Depuis 7 ans, le Pérou n’a pas réussi à trouver une issu politique pour faire des réformes en profondeur sur les sujets qui touchent les péruviens notamment la politique en matière agricole ou en matière d’éducation. La pandémie du COVID19 a été une véritable bombe sociale à retardement. L’accès aux soins est une priorité dans un pays de plus en plus divisé entre ses campagnes et les grandes villes qui se situent sur la côte. Il est révélateur de la fracture sociale qui existe depuis des années entre les différentes régions du pays. Concernant l’emploi, le taux de chômage est reparti à la hausse au sortir de la pandémie notamment car l’afflux touristique mondial et régional n’est pas le même qu’avant COVID19. Outre la lutte contre la corruption et des besoins de nouvelles infrastructures, une grande partie du pays fonctionne avec une économie informelle. Point positif, le pays a pu compter sur un retour lent mais progressif des touristes du monde entier pour visiter le Machu Picchu.
Une nouvelle présidente pour relancer un pays à l’arrêt
Dîna Boluarte, c’est le nom de la nouvelle présidente du Pérou, ancienne vice-présidente. Elle est également la première femme péruvienne à occuper le poste de chef d’Etat. Cette avocate de 60 ans aura la dure tâche de reprendre un mandat très compliqué sans grande avancée concrète.
L’objectif principal c’est retrouver un dialogue politique et une stabilité sociale, ce qui est compliqué depuis plus de 10 ans tant la polarisation est forte entre la gauche incarnée par la classe ouvrière et la droite incarnée par les fujimoristes.
Sur le papier, on pourrait dire que la société évolue et se modernise avec une femme à la tête du pays. Cependant, dans une configuration politique très polarisée, il est très difficile de prévoir des mesures qui puissent convenir à l’ensemble de la classe politique. C’est l’un des principaux défis pour sortir le pays d’une crise permanente avec une population relativement jeune. Parmi les mesures phares que le président voulait mettre en place, une Constituante avec une participation de la société civile à l’écriture des nouvelles lois. Pedro Castillo, mis en avant pour être un des nouveau visage de cette Amérique Latine, disposait d’un soutien très faible au sein de son propre parti ces derniers mois. Face à l’instabilité politique structurelle de son gouvernement, le président s’était confronté à un Congrès majoritairement conservateurs refusant les demandes de la présidence de sortir du pays pour se rendre à des réunions internationales.

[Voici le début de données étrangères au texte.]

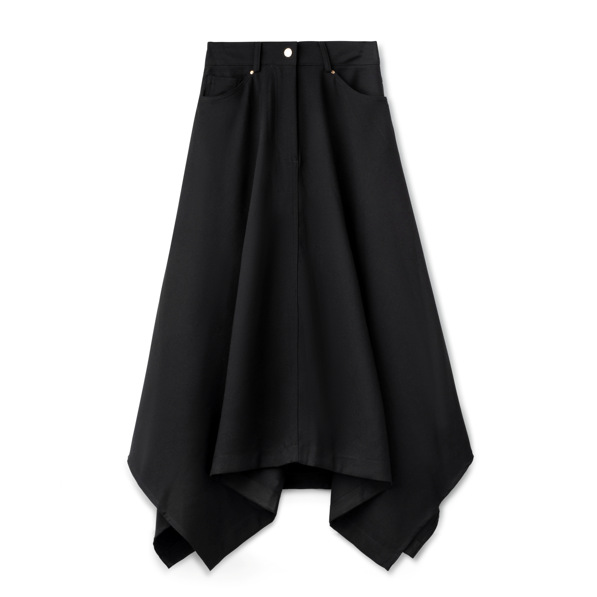 The Kercheif Skirt is our most casual silhouette. Cut from a rich, textured fabric the asymmetrical fringed hem, pocket and zipper detail give the typical skirt an unexpected twist.
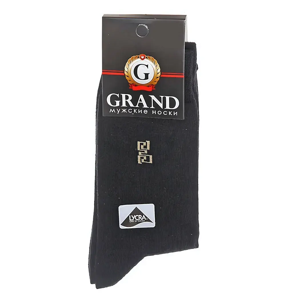 Носки мужские «GRAND LINE М-101», чёрные, рисунок на паголенке, эластан, р.29
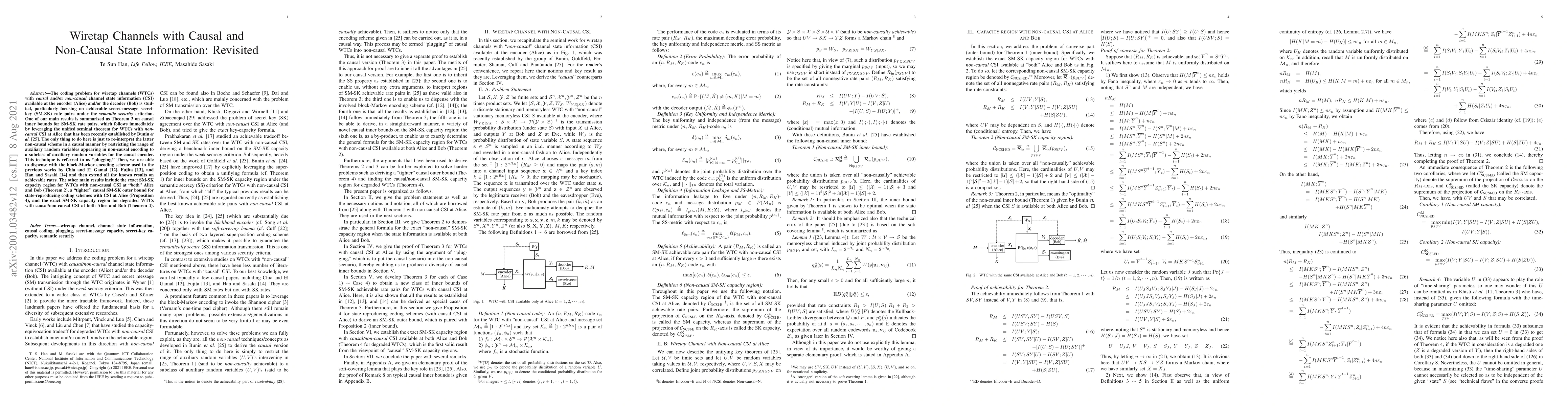 The coding problem for wiretap channels with causal channel state information (CSI) available at the encoder (Alice) and/or the decoder (Bob) is studied. We are concerned here particularily with the problem of achievable secret-message secret-key rate pairs under the semantic security criterion. Our main result extends all the previous results on achievable rates as given by Chia and El Gamal [10], Fujita [11], and Han and Sasaki [23]. In order to do this, we first derive a unifying theorem (Theorem 2) with causal CSI at Alice, which follows immediately by leveraging the unifying seminal theorem for wiretap channels with non-causal CSI at Alice as recently established by Bunin et al. [22]. The only thing to do here is just to re-interpret the latter non-causal one in a causal manner. A prominent feature of this approach is that we are able to dispense with the block-Markov encoding scheme as used in the previous works. Also, the exact secret-message key capacity region for wiretap channels with non-causal CSI at both Alice and Bob is given.
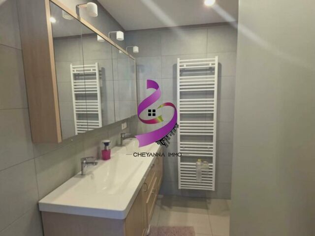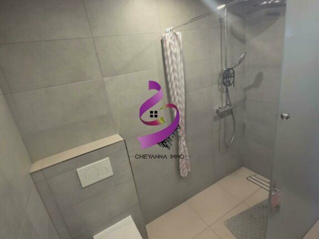 Rez-de-chaussée : hall d’entrée raffiné, WC séparé, séjour lumineux ouvrant sur un balcon, débarras, salle de bains avec WC.
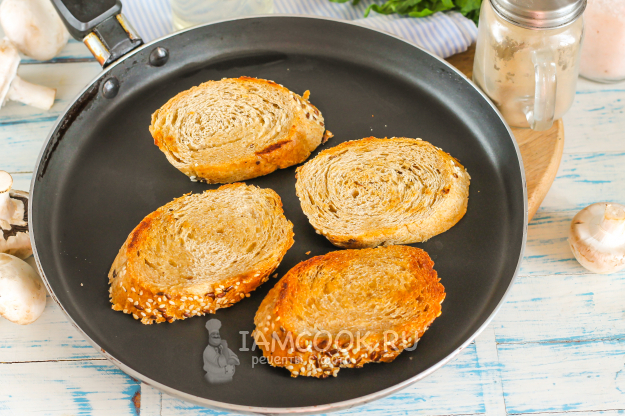 Багет нарежьте ломтиками по диагонали. Поджарьте нарезку на сковороде с обеих сторон до румяности, смазав ее растительным маслом.
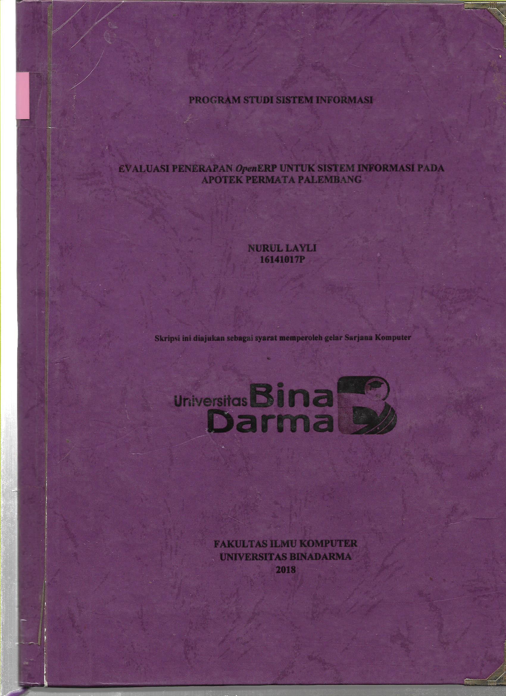 Judul | EVALUASI PENERAPAN OPENERP UNTUK SISTEM INFORMASI PADA APOTEK PERMATA PALEMBANG / Nurul Layli |
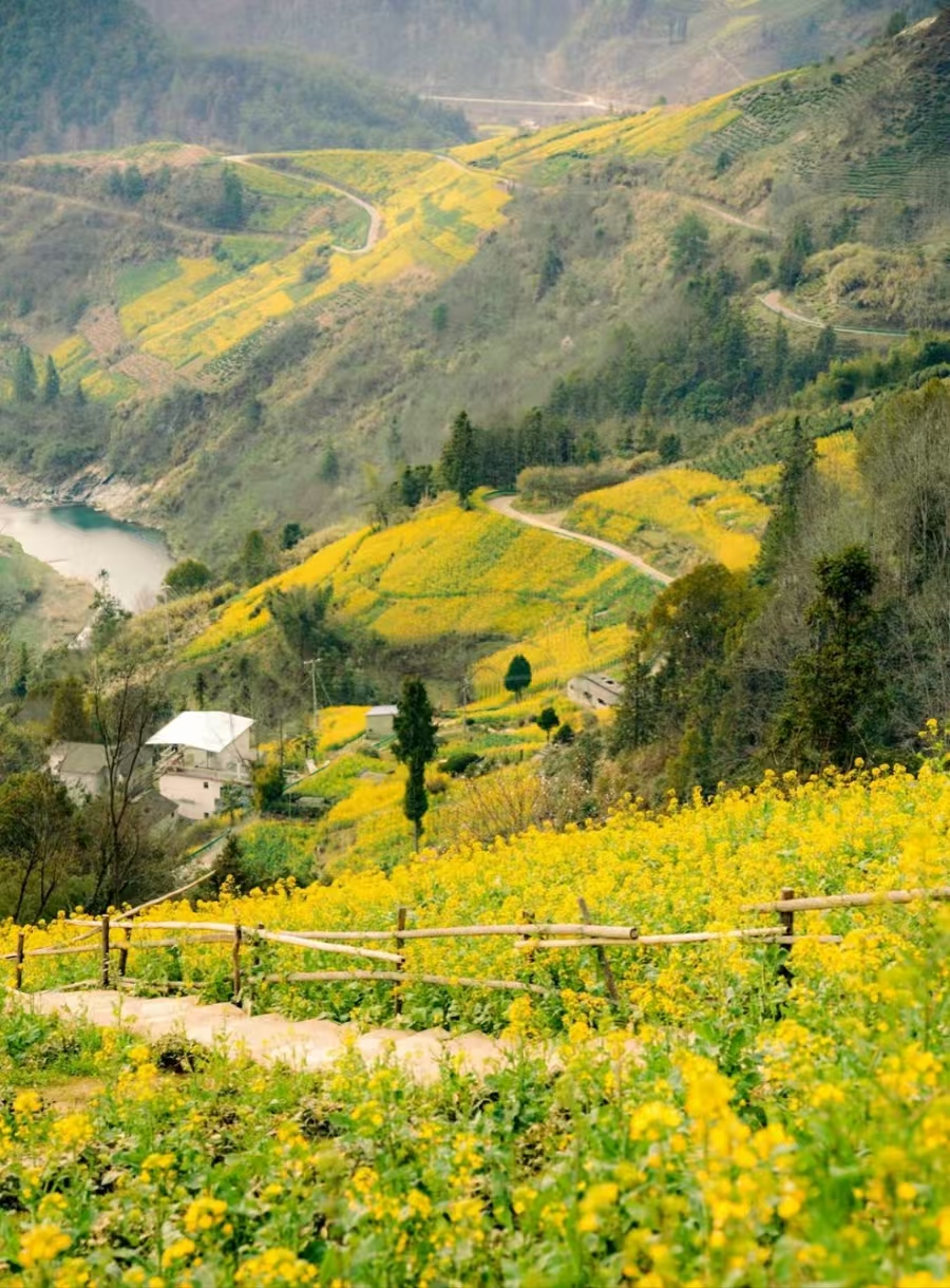 山寨云雾缭绕,漫山遍野的油菜花、梨花,盛开地如火如荼,大肆铺展在山坡上,田野里,河之洲;白色花,红色花点缀其中,到处是花的海洋,到处是色彩的世界。穿过古街古巷,然后徒步穿越石潭、北山,湖山,下汰.整个行程都在花海中,可以边玩边拍。结束后返程武汉。

Avant une crise politique, le Pérou connaît une crise sociale profonde qui dure et s’aggrave chaque année.
Depuis le mois de mars, des manifestations ont lieu en raison de l’augmentation des prix des produits alimentaires, du carburant et des engrais, les secteurs liés au transports. L’usage de la force de la police avait été pointé du doigt par l’ONG Amnesty International. Des manifestations qui continuent après sa destitution, poussant la nouvelle présidente à déclarer l’état d’urgence et avancer les élections générales (Présidentielle et législatives) au mois d’avril 2022.